Не довольно ли, дорогой друг мой, компрометировали мы себя, каждый по-своему: я – своим мистицизмом, вы – анархическим утопизмом и культурным нигилизмом, как обоих определило и осудило бы «компактное большинство» (словцо Ибсена) современных собраний и митингов. Не разойтись ли нам по своим углам и не затихнуть ли каждому на своей койке? «Как сердцу высказать себя? Другому как понять тебя? Поймет ли он, чем ты живешь? Мысль изреченная есть ложь»{85}. Я не люблю злоупотреблять этим грустным признанием Тютчева; мне хочется думать, что в нем запечатлелась не вечная правда, а основная ложь нашей расчлененной и разбросанной культурной эпохи, бессильной родить соборное сознание, эпохи, осуществляющей предпоследние выводы исконного греха «индивидуации»{86}, которыми отравлена вся историческая жизнь человечества – вся культура. Мы силимся преодолеть это смертное начало вседневно и всечасно непрерывным творчеством больших и малых культов, – каждый культ уже соборен, пока жив, хотя бы соединял троих только или двоих служителей, – и соборность вспыхивает на мгновенье и гаснет опять и не может многоголовая гидра раздираемой внутренним междоусобием культуры обратиться в согласный культ. Но жажда единения не должна все же соблазнять нас к уступчивости и соглашательству, то есть к внешнему установлению видимой и мнимой связи там, где не сплелись в одну сеть самые корни сознания и как бы кровеносные жилы духовных существ. В глубине глубин, нам не досягаемой, все мы – одна система вселенского кровообращения, питающая единое всечеловеческое сердце. Но не должно упреждать чувствования, данного нам только как отдаленное и смутное предчувствие, и подменить сокровенную святую реальность вымышленными ее подобиями. У нас двоих нет общего культа. Вам кажется, что забвение освобождает и живит, культурная же память порабощает и мертвит; я утверждаю, что освобождает память, порабощает и умерщвляет забвение. Я говорю о пути вверх, а вы говорите мне, что крылья духа обременены и разучились летать. «Уйдем», – приглашаете вы, а я отвечаю: «Некуда: от перемещения в той же плоскости ничего не изменится ни в природе плоскости, ни в природе движущегося тела»… Когда-то я пел:
Вам – пращуров деревья
И кладбищ теснота;
Нам вольные кочевья
Судила Красота.
Вседневная измена,
Вседневный новый стан…{87}
И тут же правдивая муза заставляла певца, мятежника против культурного предания, присовокупить:
Безвыходного плена
Блуждающий обман.
О, для культа должно покидать насиженные места и деревья пращуров:
Братья, уйдем в сумрак дубрав священных…
Чадам богов посох изгнанья легок,
Новой любви расцветший тирс…
Широка цветоносная земля и много светлых полян по ней
Так будет, дорогой друг мой, хотя и нет еще знамений такого обращения. Культура обратится в культ Бога и Земли. Но это будет чудом Памяти, – Перво-Памяти человечества. Внутренне культура не однородна, как не едина вечность, как множествен и состав человеческой личности.

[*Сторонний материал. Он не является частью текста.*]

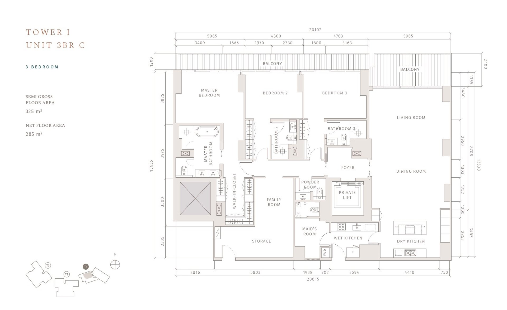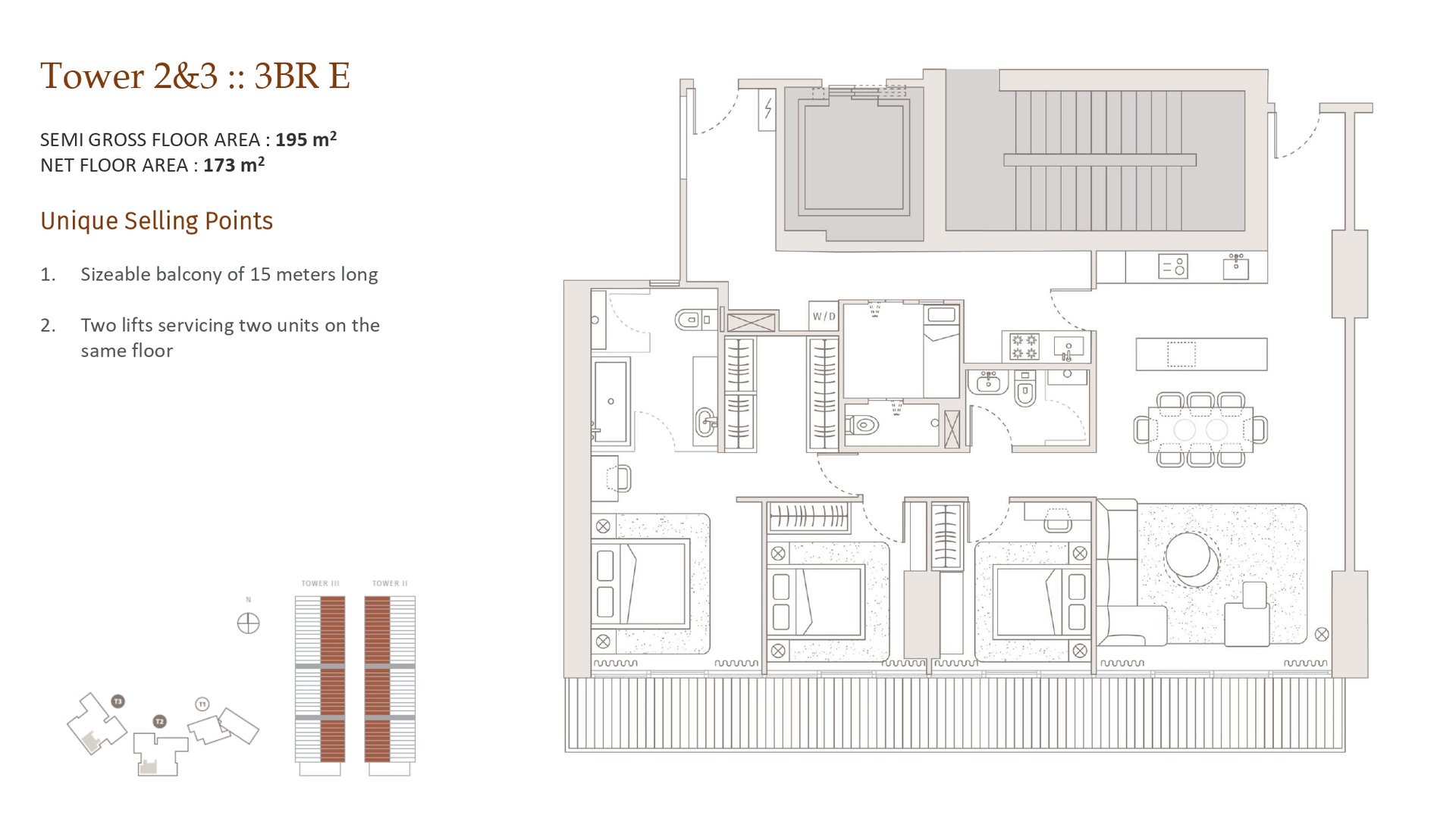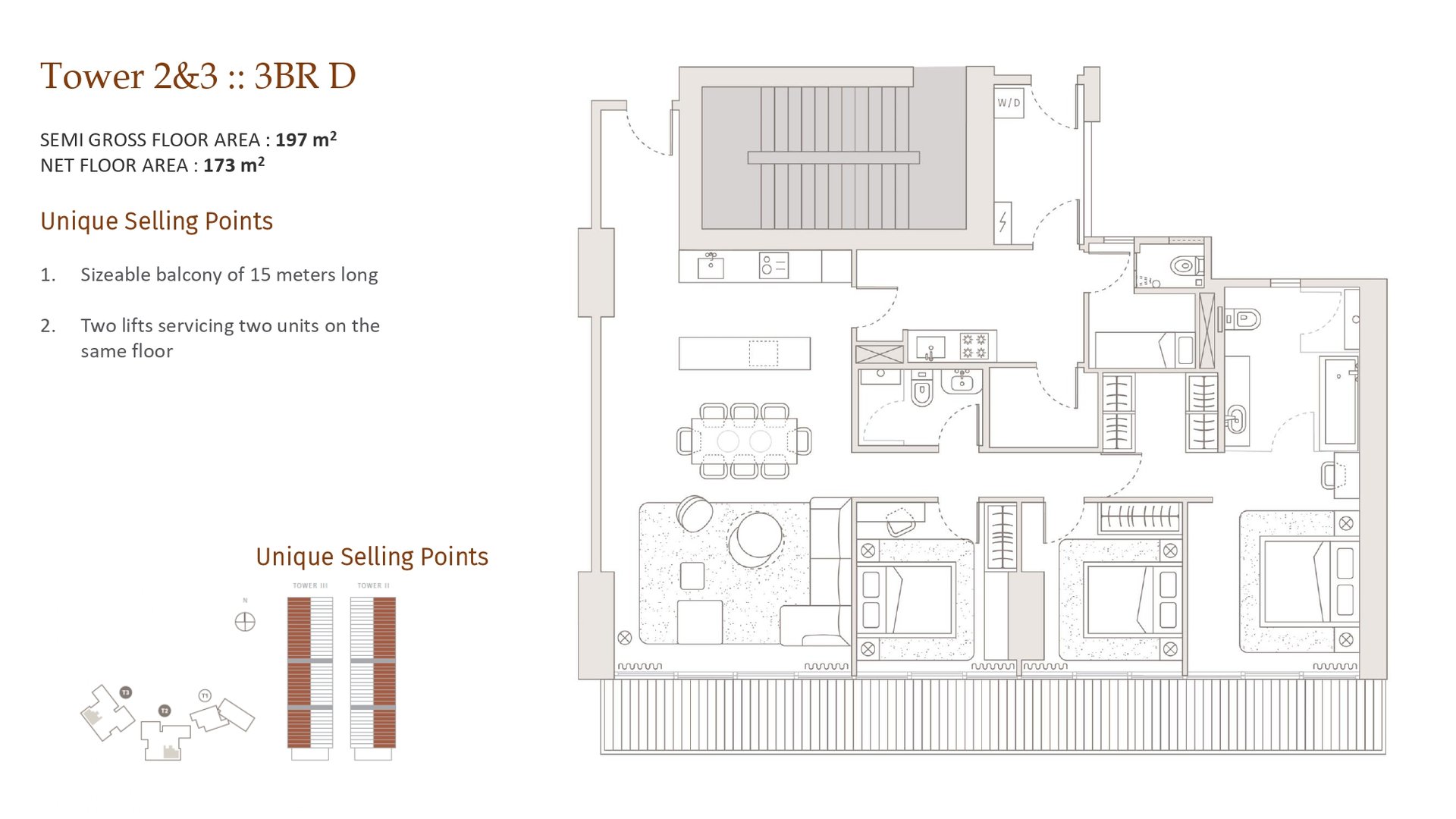 Kombinasi balkon panjang dengan interior unit 3 kamar menciptakan total living experience yang sangat premium.

Движутся в море глубоком моря, те к зарям, те – к закатам;
Поверх волны стремятся на полдень, ниже на полночь;
Разно текущих потоков не мало в темной пучине,
И в океане пурпурном подводные катятся реки.{89}
Так и в культуре есть сокровенное движение, влекущее нас к первоистокам жизни. Будет эпоха великого, радостного, все постигающего возврата. Тогда забьют промеж старых плит студеные ключи, и кусты роз прозябнут из серых гробниц. Но чтобы скорее дожить до этого дня, дальше и дальше надлежит идти, а не обращаться вспять: отступление только замедлило бы замкнутие кольца вечности.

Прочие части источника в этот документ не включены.